Hey! I used Luigi some years ago. In your item #1, by default dagster will run applicable ops concurrently. In your item #2, there are a few different ways, but in dagit web UI, this is easily accomplished. You literally just select/highlight task A and in the dropdown option, there is option to just re-run task A or run Task A and any downstream task(s). That's it. Done.
Cool. I will take your word for it and keep digging. 🙂 I once tried Prefect and got bitten pretty bad before I decided not to pursue it.
Thank you!!
By design Dagster is a data orchestrator not a task runner. Dagster is trying to keep track of the state of the data assets being orchestrated.

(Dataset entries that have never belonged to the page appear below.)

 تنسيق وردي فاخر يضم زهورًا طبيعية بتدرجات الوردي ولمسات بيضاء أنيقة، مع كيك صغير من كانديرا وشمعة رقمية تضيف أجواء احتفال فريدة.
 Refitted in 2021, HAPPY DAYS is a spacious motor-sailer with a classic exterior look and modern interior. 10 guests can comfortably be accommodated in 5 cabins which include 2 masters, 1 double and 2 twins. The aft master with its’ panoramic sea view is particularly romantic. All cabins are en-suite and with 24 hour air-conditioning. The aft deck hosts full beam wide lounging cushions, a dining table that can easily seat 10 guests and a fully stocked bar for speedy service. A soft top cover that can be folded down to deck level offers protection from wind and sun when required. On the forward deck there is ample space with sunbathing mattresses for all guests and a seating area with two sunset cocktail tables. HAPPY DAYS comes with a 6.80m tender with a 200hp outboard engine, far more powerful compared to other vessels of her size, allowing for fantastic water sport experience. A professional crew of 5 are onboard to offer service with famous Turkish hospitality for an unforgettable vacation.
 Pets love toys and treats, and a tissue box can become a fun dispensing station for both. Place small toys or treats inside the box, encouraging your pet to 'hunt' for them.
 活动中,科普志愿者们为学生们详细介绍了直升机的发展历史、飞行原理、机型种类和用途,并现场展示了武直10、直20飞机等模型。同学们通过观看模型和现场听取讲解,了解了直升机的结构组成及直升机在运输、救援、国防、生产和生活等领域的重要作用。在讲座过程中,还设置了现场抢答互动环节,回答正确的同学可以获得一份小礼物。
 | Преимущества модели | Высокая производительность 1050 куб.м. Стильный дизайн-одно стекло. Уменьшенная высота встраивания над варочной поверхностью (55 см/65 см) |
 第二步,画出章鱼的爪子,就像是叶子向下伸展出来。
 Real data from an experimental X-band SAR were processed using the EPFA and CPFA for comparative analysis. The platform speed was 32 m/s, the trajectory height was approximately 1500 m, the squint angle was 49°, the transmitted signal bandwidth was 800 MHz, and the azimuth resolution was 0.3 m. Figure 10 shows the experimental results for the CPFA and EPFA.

Whilst what @Daniel Kim says is true and will work; I think doing this goes against the way Dagster is designed / intended to be used.
Taking a step back; what is the higher level problem you are trying to solve? Maybe there is a more “Dagster-y” way to since it?
So following the example I gave at the top,
Task A is client grouping (ie. client id -> client group)
more specifically, loading client group mapping is task A.
Task B is loading transaction data which includes client id.
Task C which depends on A & B, calculates commissions, etc and produce a summary report showing results by client group.
Let’s say client mapping changed after Task C successfully completed. We would want to reload the mapping, (A) and rerun task C, but not B.
Hope it makes sense.
1. Concurrency is determined by your Executor settings. You'll probably want to start by using the MultiprocessExecutor - https://docs.dagster.io/deployment/executors - and telling it how many things it is allowed to run in parallel (when the DAG allows)
I think you'll just get 2 out of the box by using memoization- take a look at https://docs.dagster.io/guides/dagster/memoization
Thank you!! I will take a look.